Published online 2012 December 21. doi: 10.1051/medsci/20122812016.

Observer la cellule et ses structures membranaires à l’échelle du nanomètre

Amélie Leforestier,1* Nicolas Lemercier,1 and Françoise Livolant1

1CNRS UMR 8502, laboratoire de physique des solides, bâtiment 510, Université Paris-Sud, 91405Orsay Cedex, France
Corresponding author.

MeSH keywords: Animaux, Membrane cellulaire, ultrastructure, Cellules, cytologie, Humains, Protéines membranaires, analyse, composition chimique, Microscopie à force atomique, méthodes, Nanotechnologie, Phospholipides

 

L’imagerie cellulaire et tissulaire connaît depuis une dizaine d’années des progrès spectaculaires grâce à l’exploitation des propriétés de la fluorescence.

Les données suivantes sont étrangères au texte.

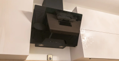 Гарнитур оборудован всей необходимой техникой. Мы установили посудомоечную машину, духовой шкаф и белую варочную панель, черную открытую современную вытяжку и небольшую мойку без острова. Также мы предусмотрели подсветку рабочей зоны, большое количество розеток. Поэтому на такой кухне комфортно готовить и использовать несколько электрических приборов одновременно.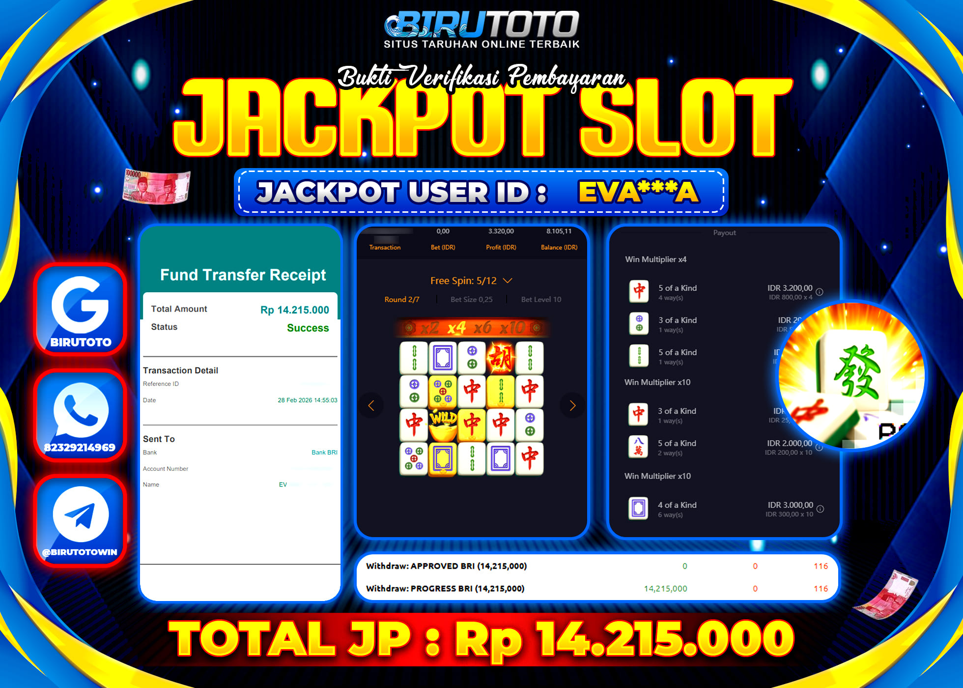 BIRUTOTO JACKPOT SLOT MAHJONG WAYS Rp.14.215.000 LUNAS

Elle permet une imagerie en trois dimensions (3D), voire 4D, de la cellule vivante à des résolutions toujours améliorées [ 13], et permet même la détection et le suivi de molécules uniques. Aussi riches soient-elles, ces approches ne disent rien sur la conformation des macromolécules, la nature de leurs interactions, ou leur organisation supramoléculaire ; d’où le besoin d’informations à plus haute résolution.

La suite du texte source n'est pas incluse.